Pass@1 — this measure abilities model solve task, when it is provided only one attempt. This most common use large language models in world, where usually is required correct answer with first times. In context tasks with answers (for example, tasks with multiple choice), pass@1 measures probability that, that model correct answer with first attempts. For tasks, requiring generation answer (for example, mathematical tasks or programming), pass@1 evaluates, how well often model generates solution with first attempts. Pass@1 represents itself metric evaluation, since not allows additional attempts or capabilities errors. She/It especially important in where reliability and accuracy have value, and where users on correct answer immediately • Self-reported

69.2%

GPQA Chemistry

with first attempts AI: Translate following text on Russian language. all and on language • Self-reported

64.7%

GPQA Physics

pass@1 This score measures, how well well model solves task with first attempts.

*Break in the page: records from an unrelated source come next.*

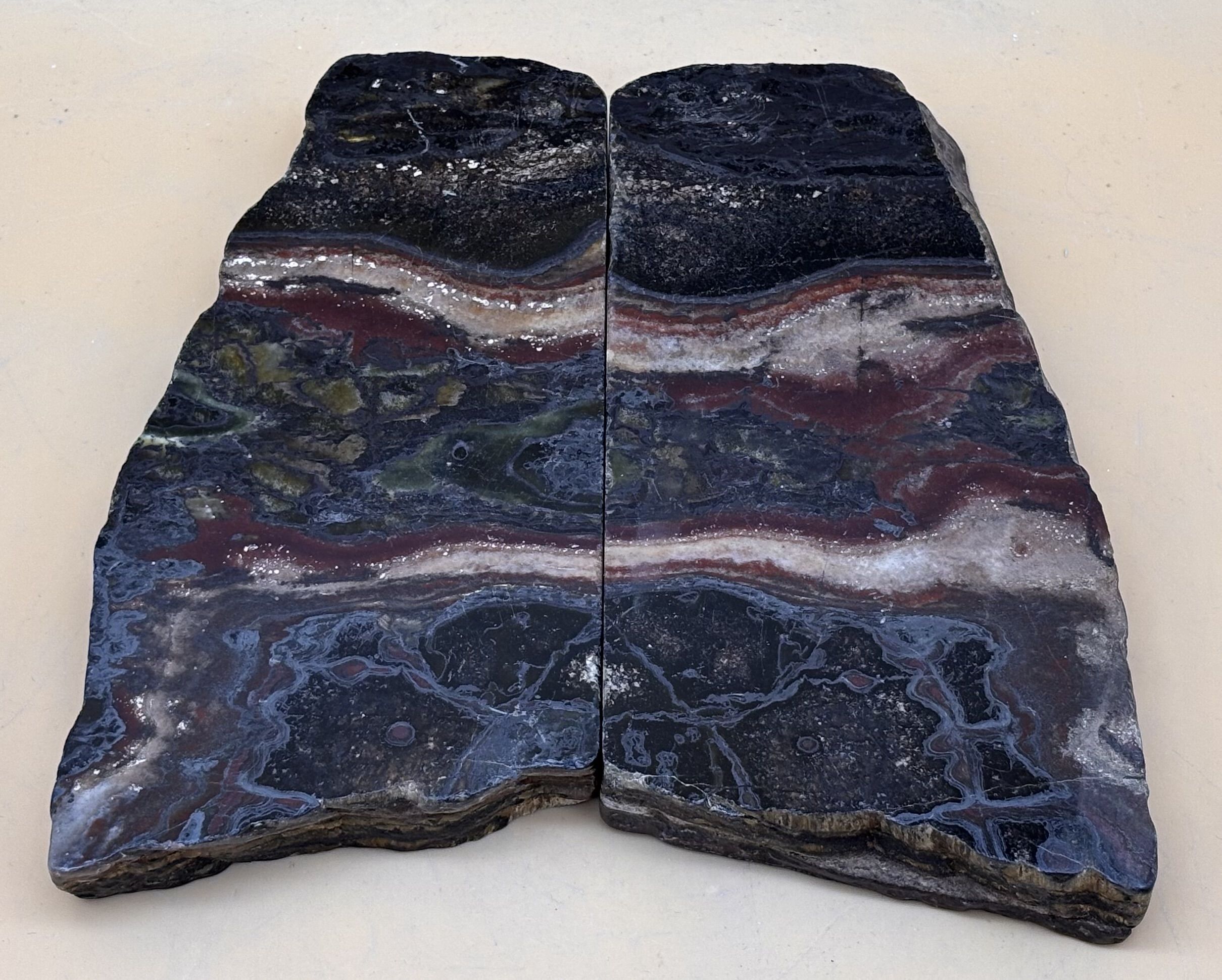 Tigereisen Platten im Spiegel geschnitten und poliert. Fundort : Rohstein, Kings Canyon Westaustralien, schönes Paar für die Vitrine
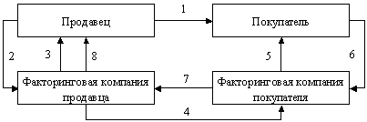 4. — факторинговая компания продавца переуступает дебиторскую задолженность факторинговой компания покупателя;
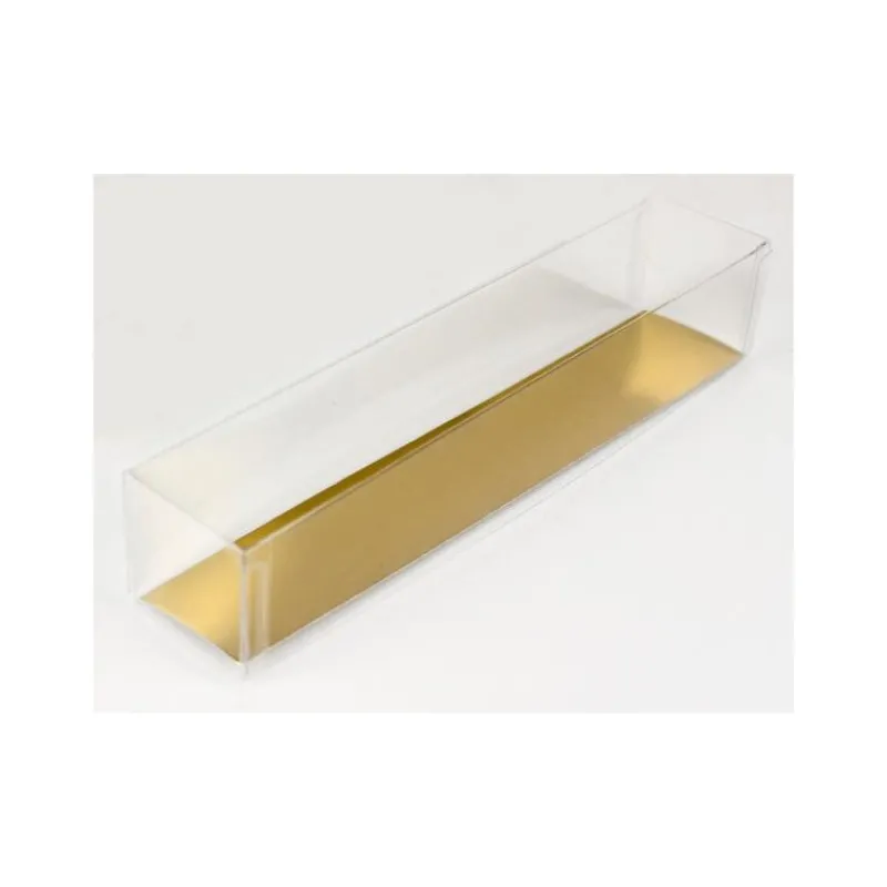 Mettez en valeur vos macarons dans une boîte à macaron prête à offrir ou à trôner en vitrine. Les macarons prendront place au sein de la boîte à macaron sur un fond en carton doré. Le couvercle de l’emballage macaron est en PVC entièrement transparent, vos macarons sont ainsi visibles tout en étant protégés. Cette boîte 9 macarons est d’une longueur de 24 cm ce qui vous laissera la place d’y glisser 9 à 10 macarons (en fonction de la taille de vos macarons).
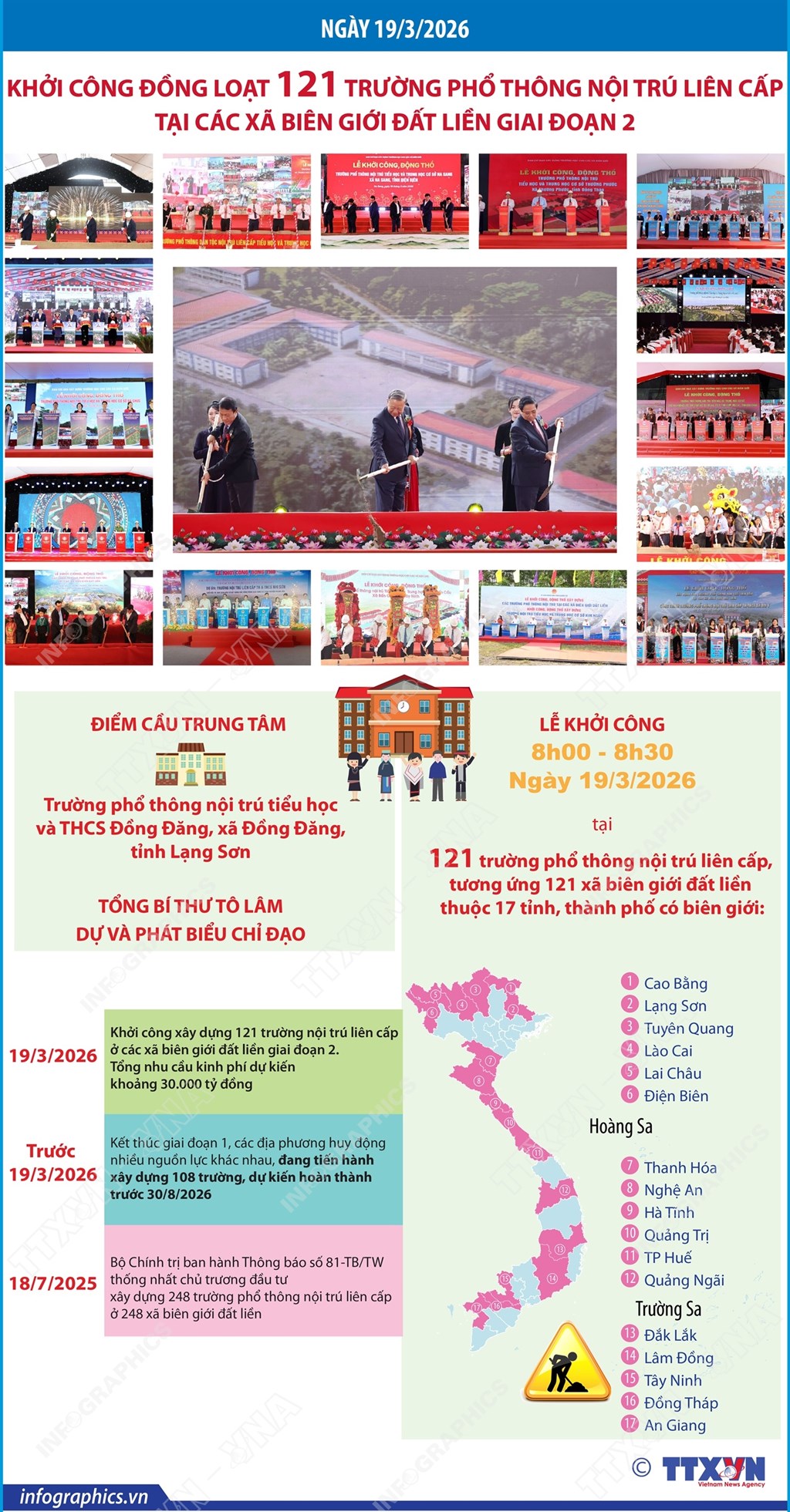 Khởi công đồng loạt 121 trường phổ thông nội trú liên cấp tại các xã biên giới đất liền giai đoạn 2. Nguồn: Infographics.vn

For example, on task from several answers with options, if you model question one times and she/it answers correctly, then this pass@1 = 1.0. If model gives incorrect answer, then pass@1 = 0.0. We could would average value pass@1 by set tasks, in order to obtain general score pass@1 for this set tasks. This differs from other metrics: accuracy@k, which measures, whether correct answer in k model. pass@1 matches accuracy@1, but they not pass@1 measures ability model answer correctly for one attempt, in then time how accuracy@k allows several attempts • Self-reported

92.8%

LiveBench

AI: I'll solve this coding problem step by step. First, let me understand what the problem is asking: - We need to implement a function that [problem description] - Input: [description of input format and constraints] - Output: [description of expected output] Let me think about the algorithm: 1. [First algorithmic step] 2. [Second algorithmic step] 3. [Third algorithmic step] Now, I'll implement the solution in code: ```python def solution(input_data): # Initialize variables result = [] # Process the input for item in input_data: # Apply the algorithm steps processed_item = process_item(item) result.append(processed_item) # Return the final result return result def process_item(item): # Implementation of processing logic return transformed_item ``` Let me test this solution with a few examples: - Example 1: [example input] → [expected output] - Example 2: [example input] → [expected output] Time complexity: O([complexity]) Space complexity: O([complexity]) The solution works correctly for all test cases • Self-reported

67.0%

MMMLU

accuracy • Self-reported

87.7%

SimpleQA

accuracy • Self-reported

47.0%

TAU-bench Airline

Standard evaluation • Self-reported

50.0%

TAU-bench Retail

Standard evaluation • Self-reported

70.8%

License & Metadata

License

proprietary

Announcement Date

December 17, 2024

Last Updated

July 19, 2025

Similar Models

All Models

GPT-4 Turbo

OpenAI

Best score:0.9 (HumanEval)

Released:Apr 2024

Price:$10.00/1M tokens

o1-mini

OpenAI

Best score:0.9 (HumanEval)

Released:Sep 2024

Price:$3.00/1M tokens

o1-preview

OpenAI

Best score:0.9 (MMLU)

Released:Sep 2024

Price:$15.00/1M tokens

GPT-5 Codex

OpenAI

Released:Sep 2025

Price:$2.00/1M tokens

o3-mini

OpenAI

Best score:0.9 (MMLU)

Released:Jan 2025

Price:$1.10/1M tokens

GPT-3.5 Turbo

OpenAI

Best score:0.7 (MMLU)

Released:Mar 2023

Price:$0.50/1M tokens

GPT-4o mini

OpenAI

Best score:0.9 (HumanEval)

Released:Jul 2024

Price:$0.15/1M tokens

GPT-5 nano

OpenAI

Best score:0.7 (GPQA)

Released:Aug 2025

Price:$0.05/1M tokens

Recommendations are based on similarity of characteristics: developer organization, multimodality, parameter size, and benchmark performance. Choose a model to compare or go to the full catalog to browse all available AI models.